Records supplied:

[Start of Attachment]

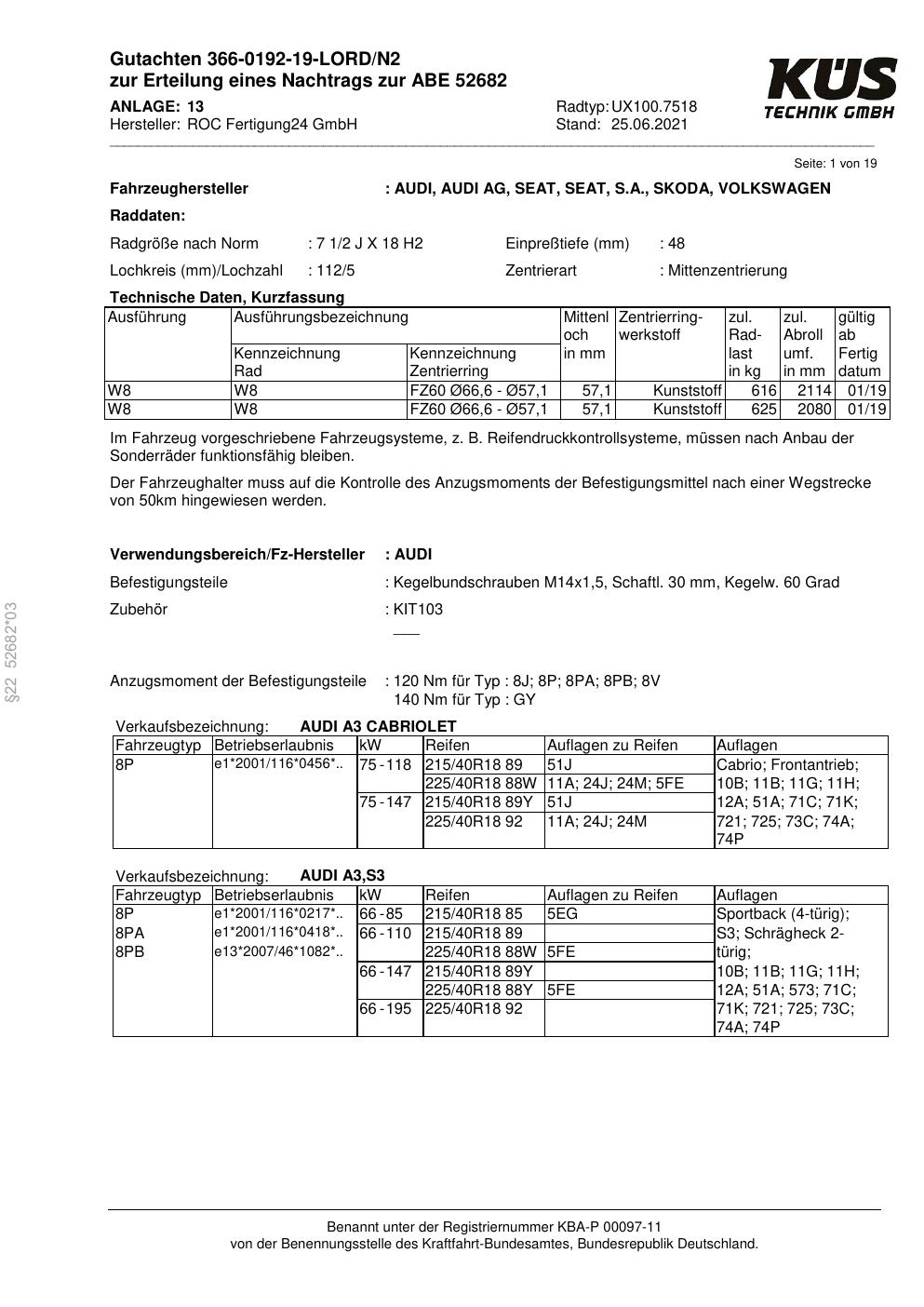 Dieses Gutachten (ABE) bezieht sich auf die Alufelge Proline UX100.7518 in der Ausführung 7.5Jx18 ET 0, Mittenloch 0 mm (KBA 52682). Im PDF findest du typischerweise zulässige Reifengrößen, Auflagen/Anbauhinweise und – je nach Dokument – Hinweise zur Eintragung.
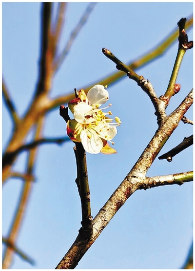 走入园中,循香而去,可以看到蜡梅园中的“先头部队”已经静悄悄地开放了,而满枝的黄色花苞也预示着一场香气盛宴即将开启。更让人惊喜的是,白梅也开了,要知道,正常情况下白梅要来年的1至2月份才会开。
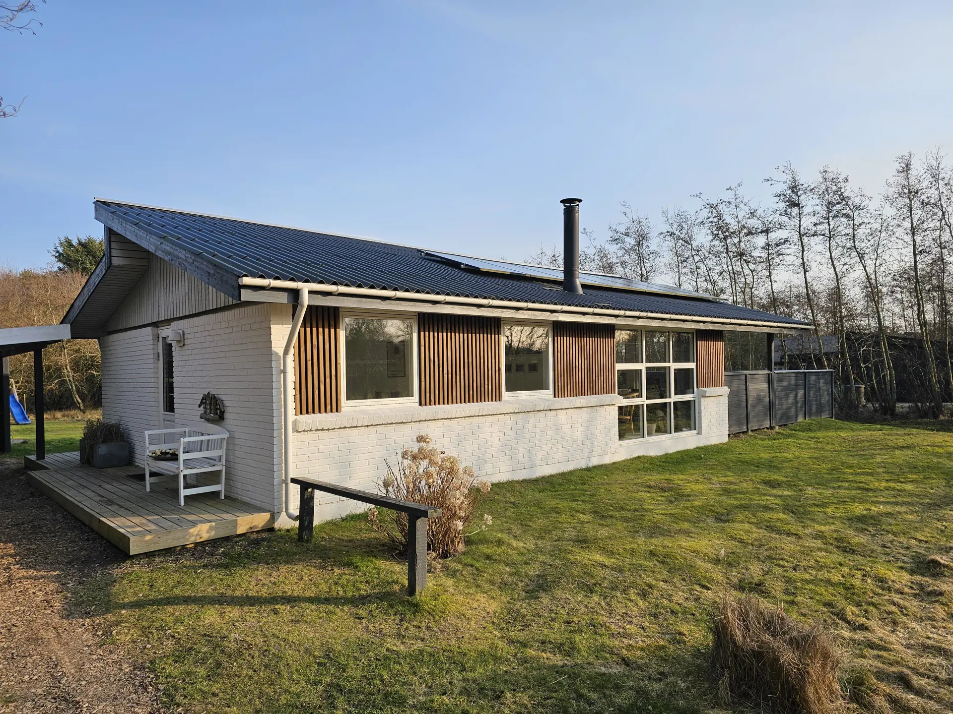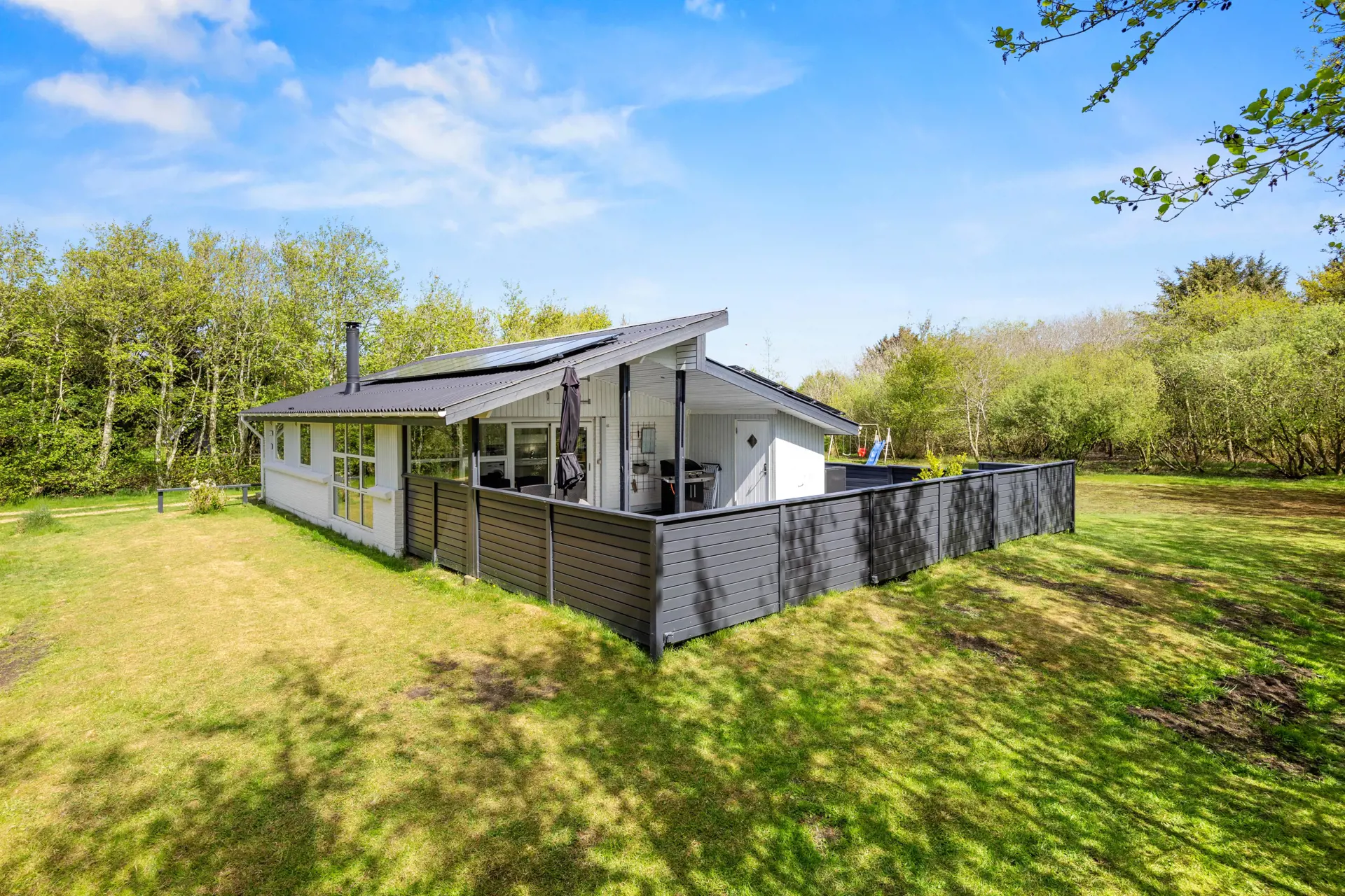 Euer Ferienhaus liegt ganz idyllisch auf einem umwachsenen, 1834 qm großen Rasengrundstück. Auf der großzügigen Terrasse, die teilweise überdacht und komplett umzäunt ist, erwarten euch bequeme Gartenmöbel und Sonnenliegen – perfekt zum Entspannen.
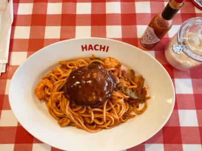 久々にハンバーグが食べたくて同僚とハンバーグの名店HACHIに行ってきました🚗 香ばしく焼き上げたハンバーグから溢れる肉汁が、、、 昔懐かしいナポリタンのソースと溶け合い …
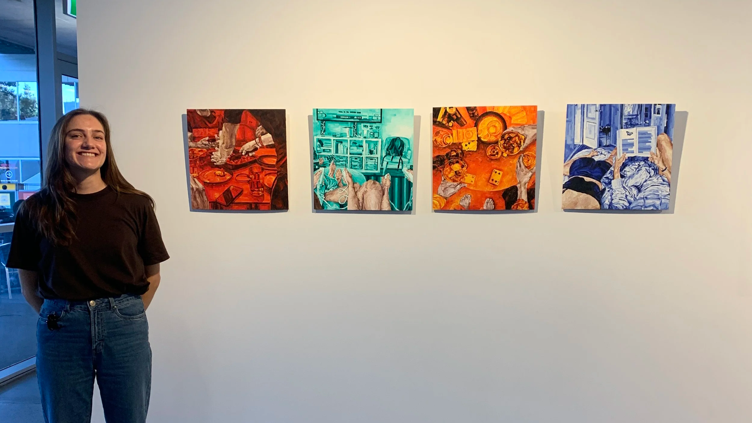 Her work explores themes of belonging, transition, and the search for grounding while living far from home, inviting viewers to find their own reflections in each scene.
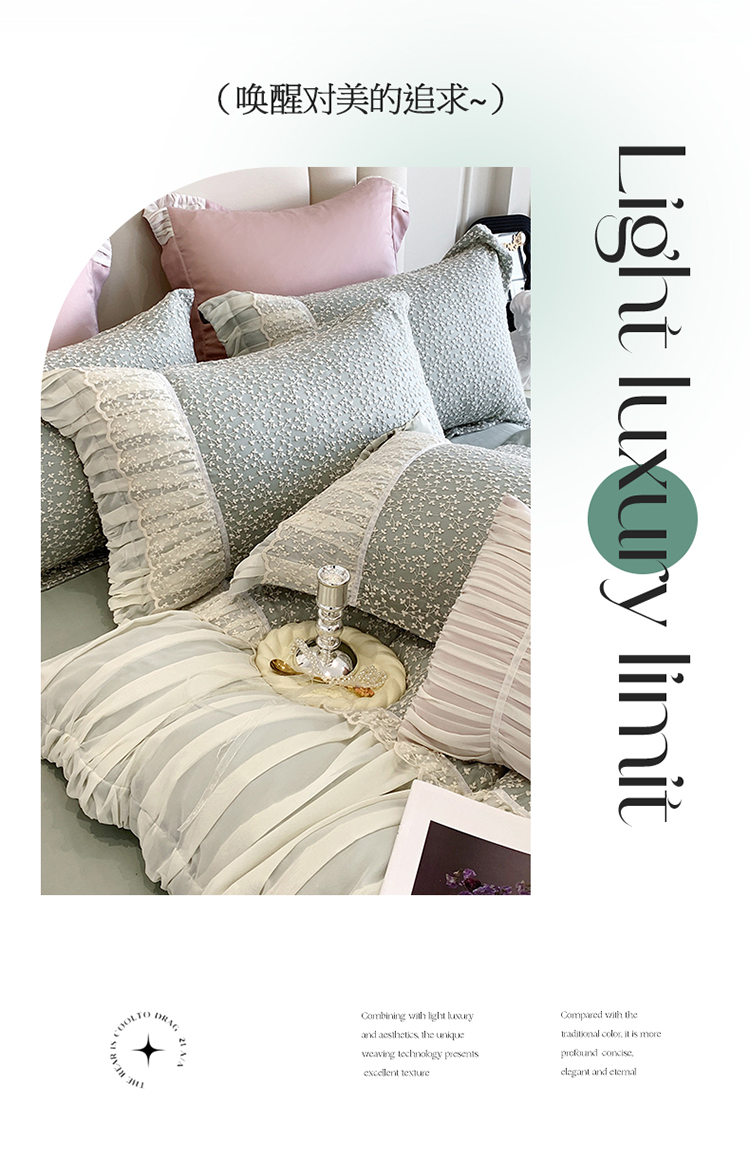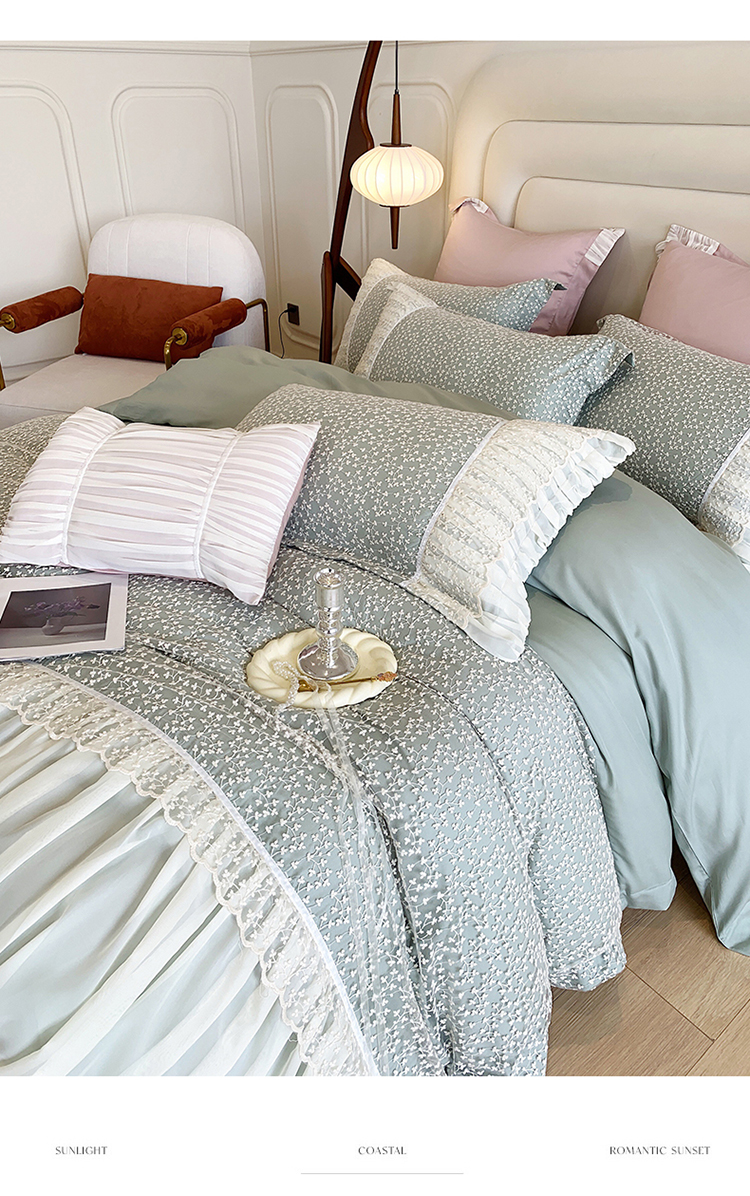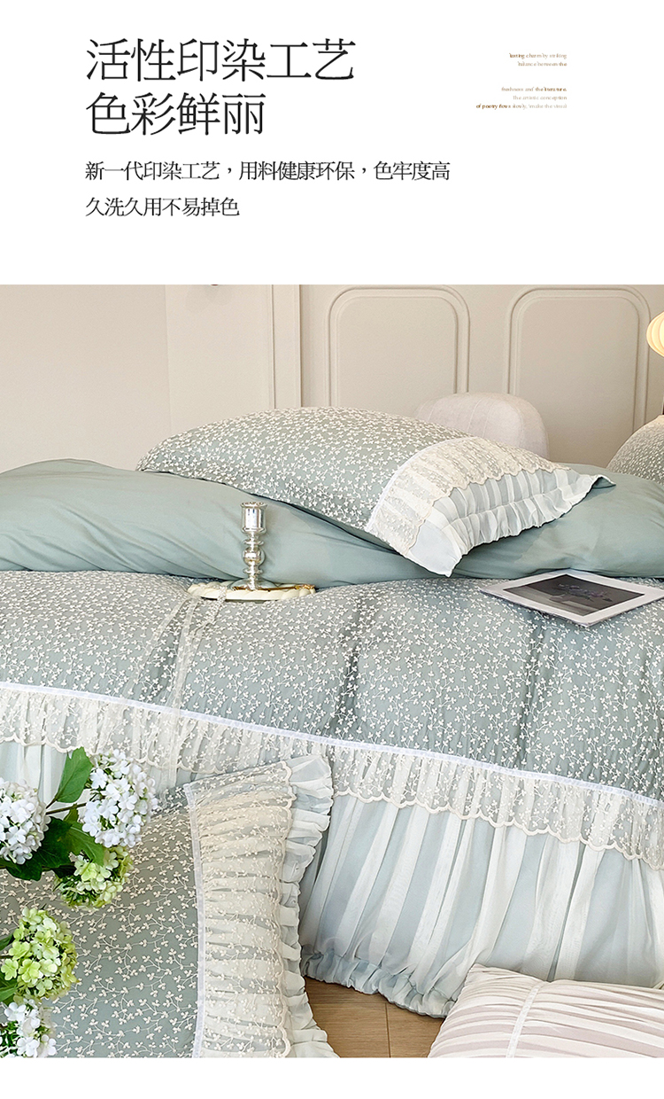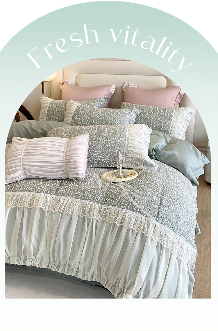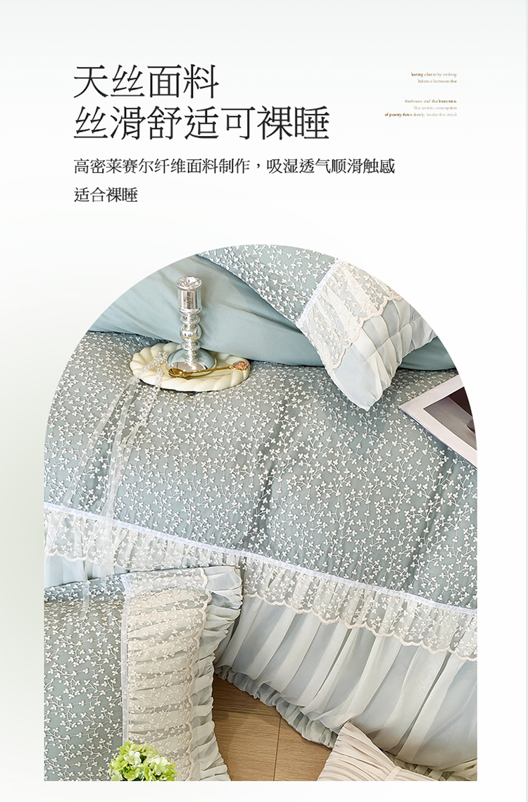 罗优家纺 2023新款法式浪漫天丝四件套 香草绿

[End of Attachment]

Exercise: Only the lines from the one containing "香ばしく焼き上げたハンバーグから溢れる肉汁が、、、 昔懐かしいナポリタンのソースと溶け合い …" through the last line of the entries above belong in the copy; reproduce them exactly and drop every picture.

Output for this exercise:
 久々にハンバーグが食べたくて同僚とハンバーグの名店HACHIに行ってきました🚗 香ばしく焼き上げたハンバーグから溢れる肉汁が、、、 昔懐かしいナポリタンのソースと溶け合い …
 Her work explores themes of belonging, transition, and the search for grounding while living far from home, inviting viewers to find their own reflections in each scene.
 罗优家纺 2023新款法式浪漫天丝四件套 香草绿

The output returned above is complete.